Massive snowstorm pummels US Midwest, leaving 5 dead

Is it a snowstorm or a blizzard

Massive snowstorm pummels US Midwest, leaving 5 dead

It is expected that the storm will bring three to six inches of snow to Washington DC and some areas in northern and central parts of Maryland on Sunday before reaching into the mid-Atlantic region.

Washington, where many federal government offices are closed due to the US government shutdown, is expected to receive 6 to 8 inches of snow from this storm, according to the National Weather Service.

A massive winter storm hit the US Rockies and Plains on Friday then punched east, with snow set to assault a 1,800-mile (1,609 km) corridor through the weekend, creating transportation "havoc" in the middle of the country.

Dozens of flights were canceled at St. Louis Lambert International Airport, which described the onslaught of snow on Twitter as one of its biggest single-day winter storms in years.

The weather system, which started as rain from Mexico but has since turned into snow, is forecast to affect an 2,900 km swath of the United States from Colorado to the Mid-Atlantic.

A thick blanket of snow covered most of the state Saturday as local emergency managers did their best to fend off the fierce winter storm.

The storm eased up Saturday afternoon in St. Louis after dropping more than 10 inches of snow there.

"PLEASE DO NOT TRAVEL", authorities warned Saturday on Twitter.

In a tweet Saturday morning, the patrol said it also had responded to 48 injuries, 723 crashes, 1,252 stranded motorists and 2,968 calls for service. Some residents reported almost 10 inches of snow, which snapped tree branches and downed power lines. Parts of Iowa, Kansas and Nebraska all received more than 10 inches of snow. More than a foot (30 centimeters) of snow has fallen in some places around St. Louis. Philadelphia is predicted to get 1 to 2 inches of snow, and there is a possibility of light accumulation in NY along the storm's northern edge. A half inch of ice and 3 to 5 inches of snow are predicted.
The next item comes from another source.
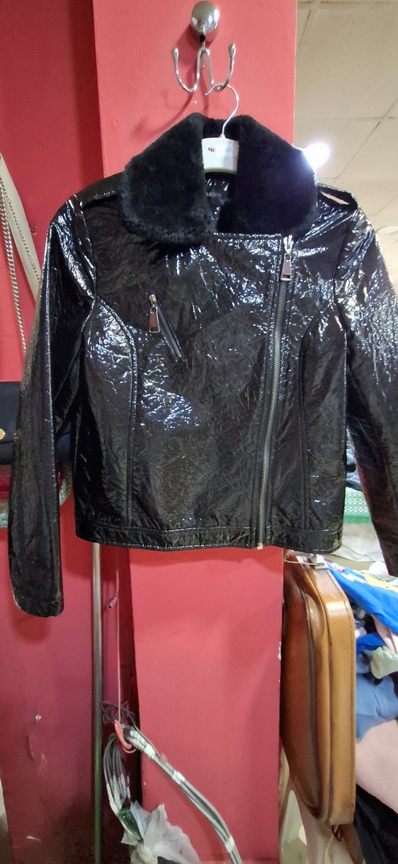 Siyah deri, fermuarlı biker ceket, kesimi vücuda oturur, notched yaka ve midi boyda. Parti için uygun, strappy kollu şık tasarım. cok iyi durumda l beden

Almost 200,000 people were without electricity in Virginia and North Carolina on Sunday morning.

"In much of swath from Missouri to southern OH, this will heavy and wet and a strain to shovel", AccuWeather meteorologist Bill Deger wrote in a blog post.

Some interstates in Missouri, including I-70 and I-44, reopened Saturday morning after being shutdown Friday night, but treacherous conditions continued. The Southeast has seen abundant precipitation in December and January, and the additional rain could put a strain on already-high rivers.

The University of Missouri men's basketball game Saturday at the University of SC was moved to Sunday because of weather-related travel problems, the team tweeted.